If we are exposed to this, especially at an early age, we will use these same tactics on ourselves! What is even worse, is not even knowing we are doing it. 

Have you ever had something happen to you and need to go to people in your environment for affirmation or confirmation that it happened the way you saw it

When something bad does happen, do you minimize the impact and/or try to see it differently because it must not be that way?

These are pretty good indicators that you are actively gaslighting yourself. 

We fall on the familiar when we are doubting and questioning our decisions and reality. If we were told consistently that we don’t know what we are talking about and that our perceptions are not as they seem, we will believe it and no longer trust ourselves to perceive reality. 
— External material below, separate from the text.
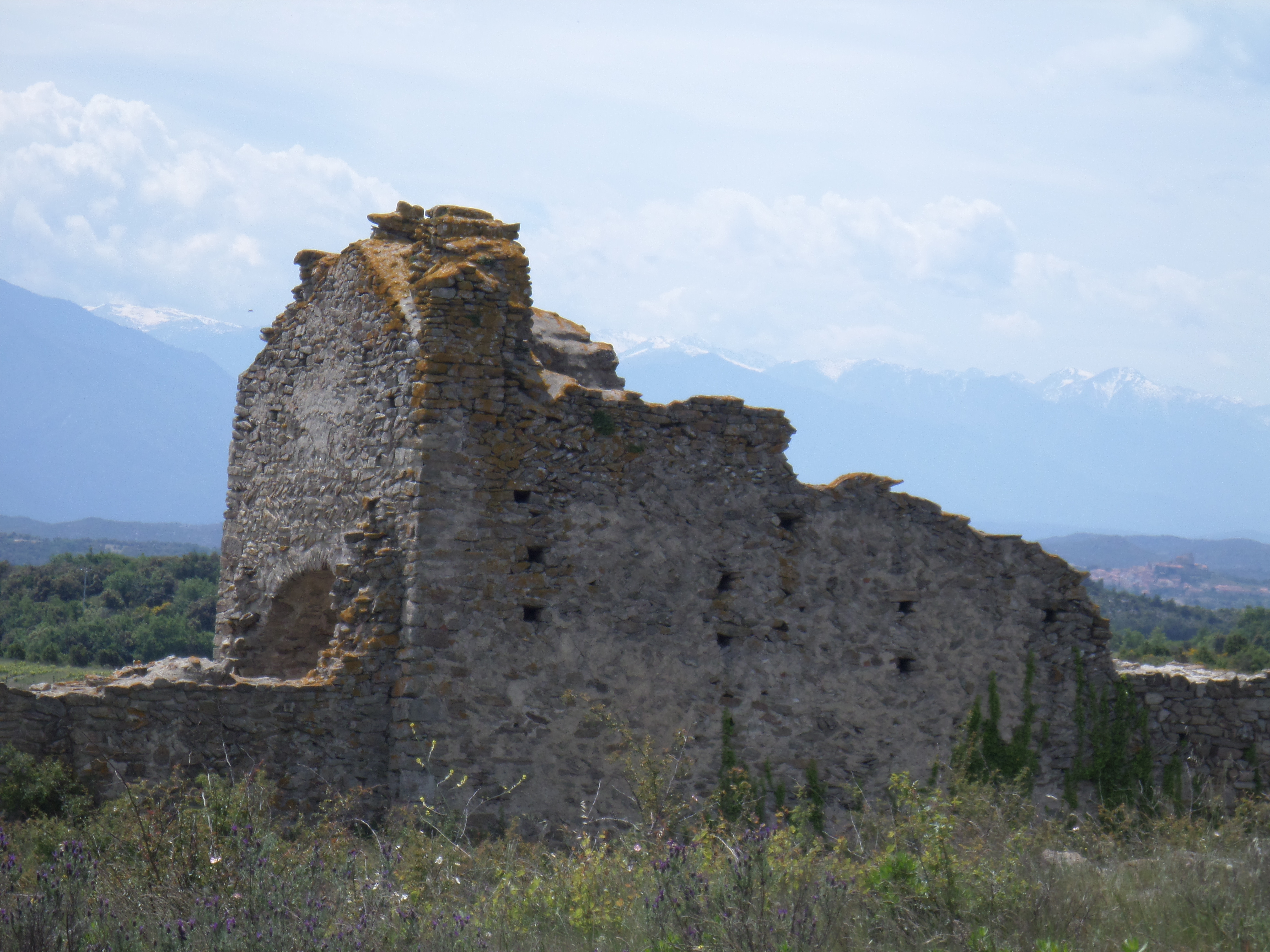 Church of Saint-Barthélemy de Jonqueroles (in ruins), Bélesta, Pyrénées-Orientales, France

With any type of change that we want to create, we have to first become aware of when we are participating in the behavior. Here are some tips to challenge self-gaslighting:

  1. Write down the phrases/thoughts that happen that enable gaslighting.

These could look like: 

“is this happening to me?”

“I need to talk to…. Before I make this decision”

“It really wasn’t that bad”

“You’re over-exaggerating”

“You’re being over-emotional”

“I’m the problem” 

“I just need to act like I’m ok” 

“I’m being stupid/irrational for thinking/feeling this” 
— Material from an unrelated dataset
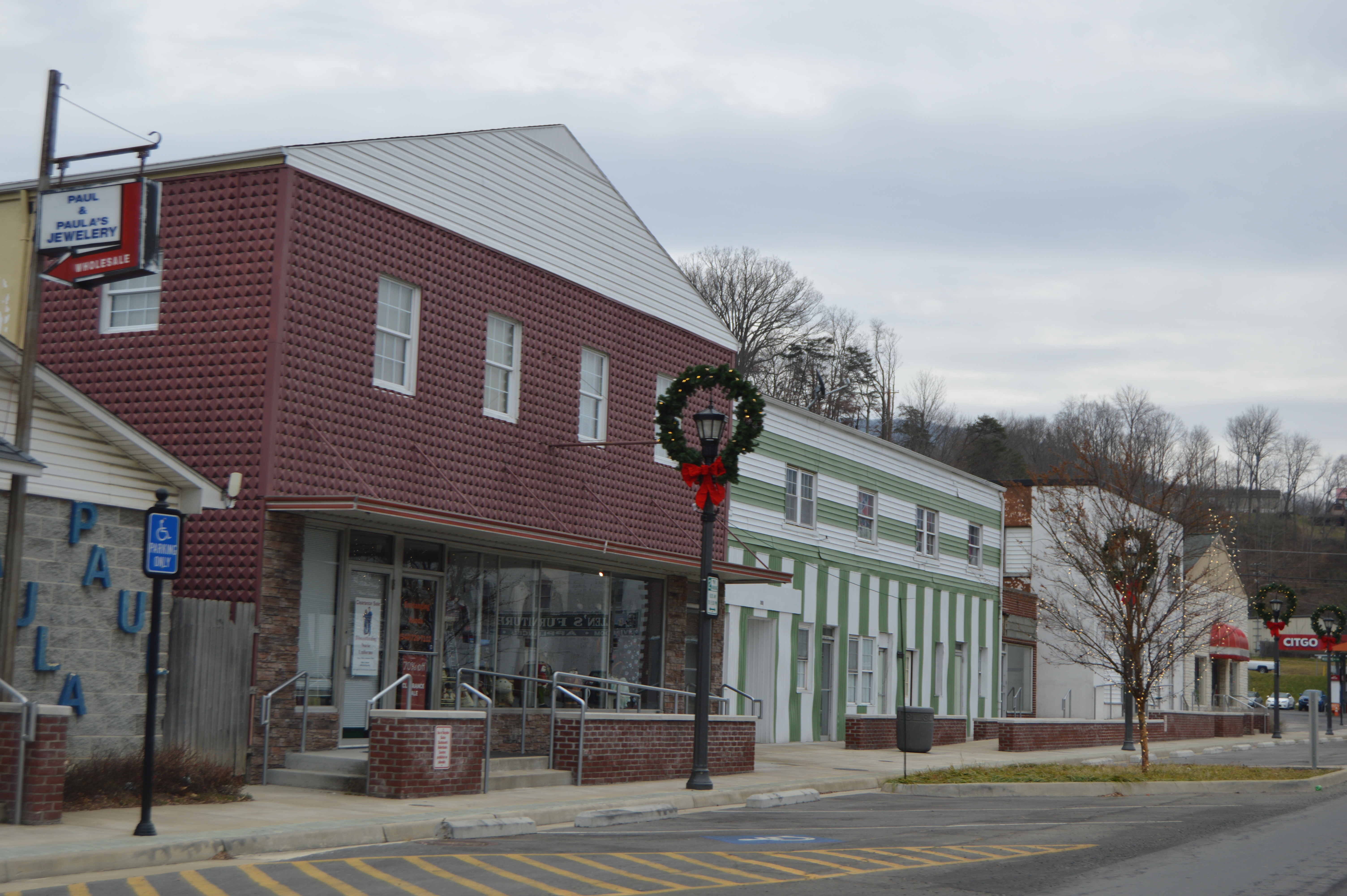 Buildings on the eastern side of Old Virginia Avenue, seen looking south from Knob Street, in Rich Creek, Virginia, United States.

Once you acknowledge your trigger phrases/thoughts, you’ll be able to spot them more frequently and these are the key moments for change. 
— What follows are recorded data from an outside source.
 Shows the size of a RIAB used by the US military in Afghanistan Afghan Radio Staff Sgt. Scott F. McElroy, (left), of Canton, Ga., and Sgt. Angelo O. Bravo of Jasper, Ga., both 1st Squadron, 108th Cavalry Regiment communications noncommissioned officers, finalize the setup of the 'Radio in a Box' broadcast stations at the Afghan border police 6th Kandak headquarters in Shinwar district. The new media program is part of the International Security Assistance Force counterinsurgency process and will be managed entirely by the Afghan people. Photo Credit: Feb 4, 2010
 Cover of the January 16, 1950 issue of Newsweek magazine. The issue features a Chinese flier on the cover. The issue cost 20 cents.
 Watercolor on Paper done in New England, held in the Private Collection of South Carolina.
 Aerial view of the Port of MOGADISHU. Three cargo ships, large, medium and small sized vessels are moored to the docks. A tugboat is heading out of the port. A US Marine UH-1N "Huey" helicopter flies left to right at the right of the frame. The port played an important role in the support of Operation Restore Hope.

2. When you catch yourself with a trigger thought/phrase, validate the reality.

Grounding is the easiest way to do this. A grounding skill is looking at the entirety of your environment and acknowledging what is around you. 

“I’m sitting with my friend at lunch and I’m having a salad. We are at a restaurant. The sun is shining. I’m warm. It is bright.” 

When we acknowledge and validate reality, it is much easier to interpret it. When we fall into gaslighting, we are distorting our reality due to our anxiety/fear, etc. We need to ground and cope with these emotions first. 

3. Challenge your thoughts/phrases with compassion. Compassion may be neutral responses, it doesn’t always have to be positive.

“It really wasn’t that bad” 

to 

“This experience happened to me and it made me feel…” 

“You’re over-exaggerating” 

to 

“I feel…and that is ok.” 

“You’re emotional” 

to 

“I feel…and this is how I feel.” 

Repeating these affirmations to these gaslighting thoughts/phrases allows us to create new connections associated with the thought. Right now they are associated with negativity and shameful feelings. We want to work on pairing them with compassion to create a new and healthy experience. 


4. Journal the experience after.

Journaling allows us to see things from a different perspective. I feel the most effective journaling is when we mind-dump (write everything in our head) and then re-read our journal entry after we have finished and journal our experience. You’ll be surprised what you will discover with the way you are thinking and feeling. Journaling also validates experiences for ourselves by remembering an event as we remember it.

5. Praise and reward yourself and do not shame yourself when falling into a trigger thought/phrase.

It takes a while to create new connections and habits so be compassionate with this experience.

Remember to always validate your past, thoughts, and feelings.